Pursuant to Sections 228 of the Delaware General Corporation Law and Section 13
of the Corporation's By-Laws, the undersigned, being a majority of the
shareholders of LocatePLUS Holdings Corporation, a Delaware corporation (the
"Corporation"), hereby consents to the following actions, which shall, for all
purposes, constitute a written consent in lieu of special meeting of the
Shareholders of the Corporation

PLEASE CHECK EACH PROPOSAL INDICATING WHETHER YOU CONSENT OR DO NOT CONSENT

    1.  ELIMINATE CLASSIFICATION OF DIRECTORS BY TERM

            RESOLVED:  That the Corporation eliminate classification of
                       Directors by term

    2.  SUBJECT TO APPROVAL OF PROPOSAL 1 BY A MAJORITY OF SHAREHOLDERS,
        REDUCTION OF MEMBERS OF THE BOARD OF DIRECTORS TO SEVEN AND THE
        APPOINTMENT OF THE FOLLOWING DIRECTORS EACH FOR A ONE YEAR TERM

            RESOLVED: That,  subject to approval of Proposal 1 by a majority of
                      the shareholders of the Company, the number of members of
                      the Board of Directors be reduced to seven members and
                      that the following individuals each be elected to a one
                      year term:

                Christian Williamson
                Richard Pyle
                David Skerrett
                Ralph Caruso
                Patrick Murphy
                James Ahearn
                George Isaac

            CONSENT ______  DO NOT CONSENT _______

    3.  AUTHORIZATION OF INCREASE OF AUTHORIZED SHARES FROM 25,000,000 TO
        50,000,000

            RESOLVED: That subject to a written consent by a majority of
            shareholders, the number of authorized shares of this Corporation be
            increased from 25,000,000 to 50,000,000 shares

            CONSENT ______  DO NOT CONSENT _______

    4.  RATIFICATION

            RESOLVED:  That all actions taken and things done by the Board of
            Directors and the officers of the Corporation since October 31, 2008
            as the same appear of record or in the usual course of business to
            the date hereof, including (i) all transactions in the usual course
            of business; (ii) the payment of all fees and expenses incurred by
            or on behalf of the Corporation (iii) all actions and elections by
            the Board of Directors at all meetings, whether or not such meetings
            were properly called, whether or not the Board of Directors were
            properly elected and qualified, and whether or not such actions and
            elections were otherwise irregular; and (iv) all other actions taken
            by the Board of Directors in good faith and in the best reasonable
            belief that all such actions were or would be in the best interests
            of the Corporation, are hereby adopted, ratified and confirmed.
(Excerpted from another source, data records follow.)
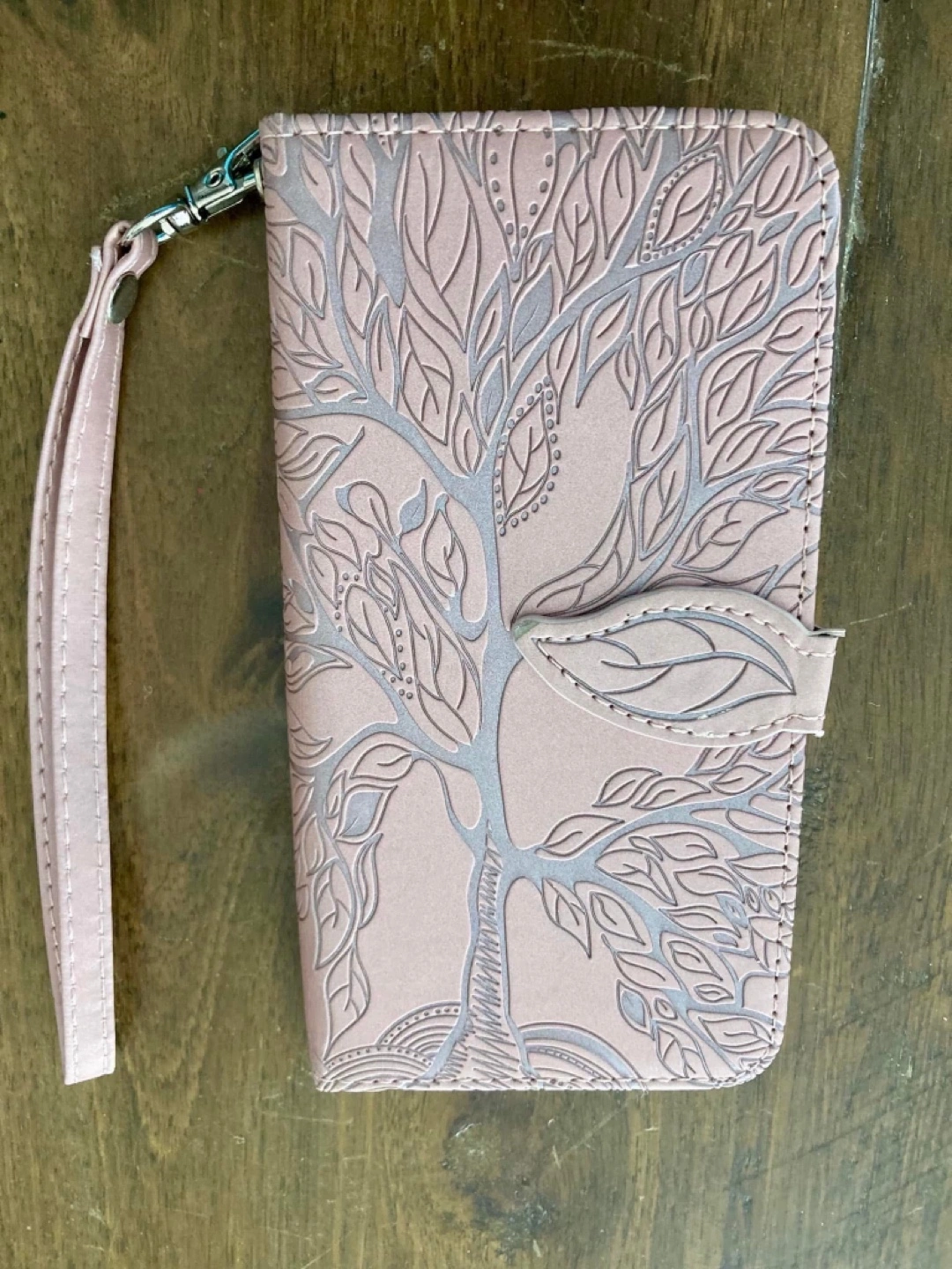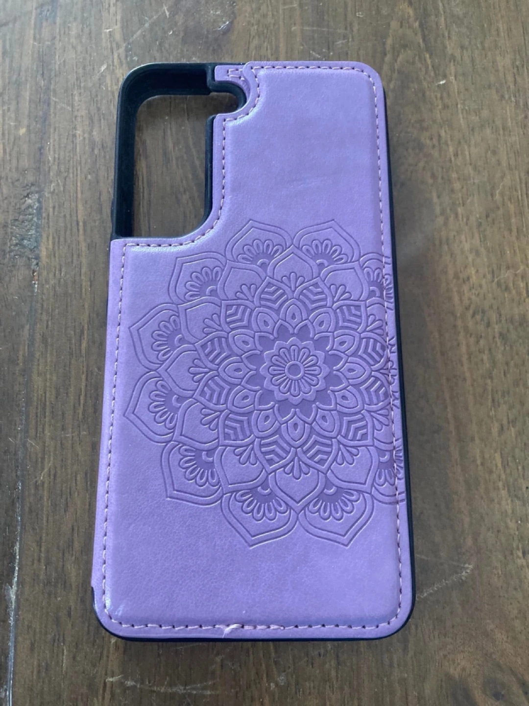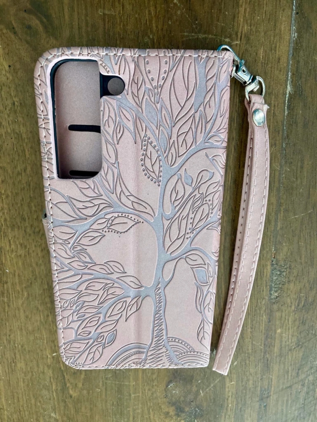 Two stylish phone wallet cases. One features a pink tree of life design, the other a purple mandala. Both include card slots and wrist straps. Compatible with Samsung Galaxy S20.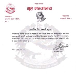 गृह मन्त्रालयले सोमबार विज्ञप्ति जारी गर्दै नेपालभरिका सबै सरकारी र सार्वजनिक निकायमा विदा दिने जानकारी दिएको छ।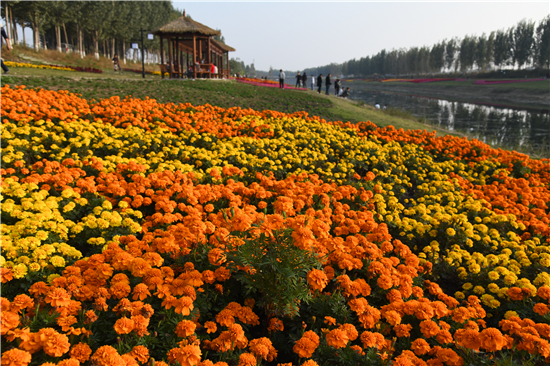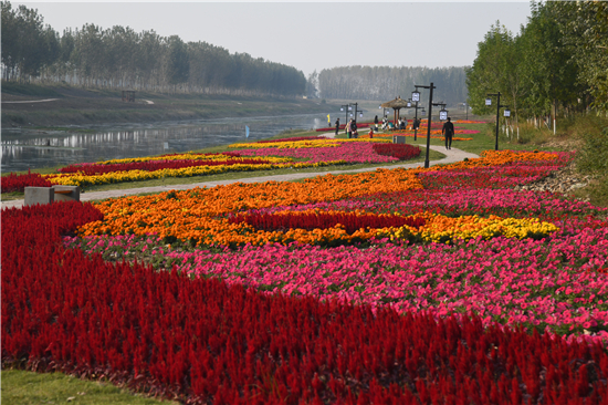 10月20日,市民在商水縣高標準農田灌溉渠兩岸游玩。

            CONSENT ______  DO NOT CONSENT _______

    5.  OMNIBUS

            RESOLVED:  That the officers of the Corporation hereby are, and each
            of them singly hereby is, authorized to execute and deliver all such
            certificates, instruments and documents, make all such payments,
            make all such filings, and do all such other acts and things as in
            their opinion, or in the opinion of any one of them, may be
            necessary or appropriate in order to carry out the intent and
            purposes of the foregoing resolutions.

            CONSENT ______  DO NOT CONSENT _______



             [Remainder of Page Intentionally Left Blank]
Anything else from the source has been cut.